Rational H2 approximation
Since finite order LTI systems and their rational transfer functions are the most used models in system theory, rational approximation is at the heart of modeling problems. The challenge is to select a model that is close enough to a physical system and yet simple enough to be studied analytically. Modeling is thus at the origin of a fertile interaction between rational approximation methods and system theory. A great number of methods have been proposed in the literature, that divide into two main groups: projection methods and optimization methods.
Among these methods, rational approximation in the Hardy space H2 presents a number of interesting features. Assuming a transfer function belongs to H2 corresponds to a stability condition for the underlying physical system: a bounded energy input produces a bounded output. The Hardy space H2 possesses a very rich structure which combines analyticity properties and an Hilbert space framework. However, H2 rational approximation is a difficult non-linear problem due to the complexity of the set approximants (rational matrices of fixed order) and the existence of many local minima.

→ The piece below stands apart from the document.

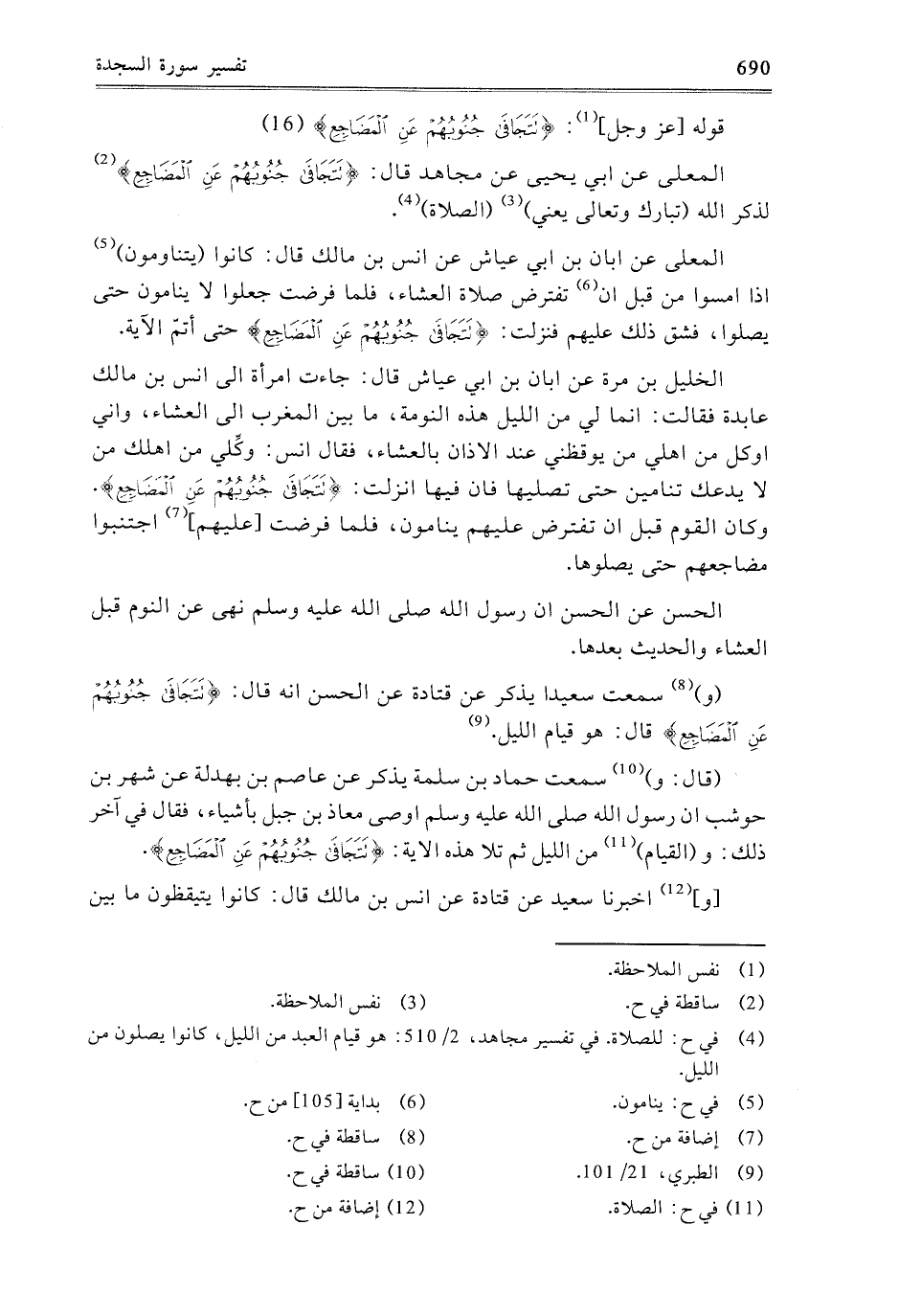 - قَالَ: وَسَمِعْتُ حَمَّادَ بْنَ سَلَمَةَ يَذْكُرُ عَنْ عَاصِمِ بْنِ بَهْدَلَةَ، عَنْ شَهْرِ بْنِ حَوْشَبٍ، أَنَّ رَسُولَ اللَّهِ صَلَّى اللَّهُ عَلَيْهِ وَسَلَّمَ أَوْصَى مُعَاذَ بْنَ جَبَلٍ بِأَشْيَاءَ، فَقَالَ فِي آخِرِ ذَلِكَ: وَالْقِيَامُ مِنَ اللَّيْلِ ثُمَّ تَلا هَذِهِ الآيَةَ: {تَتَجَافَى جُنُوبُهُمْ عَنِ الْمَضَاجِعِ} [السجدة: 16] .

We have developped a specific approach to cope with this problem, which is based on the following points
The softare RARL2 has been developped following this approach.
- A compactification of the optimization set which makes use of the Douglas-Shapiro-Shields factorization and the projection theorem in Hilbert space. Lossless matrix valued functions play in the matrix case the role of the denominator in the scalar case. The "denominator" is thus optimized while the "numerator" is computed by projection: the optimization runs over the set of lossless functions which thus enter the picture and bring their rich structure.
- The use of an atlas of charts to describe the optimization set: the space of lossless functions of fixed McMillan degree. This type of representation is recommended if one wants to use differential calculus tools for solving an optimization problem. Schur interpolation theory provides such atlases of charts.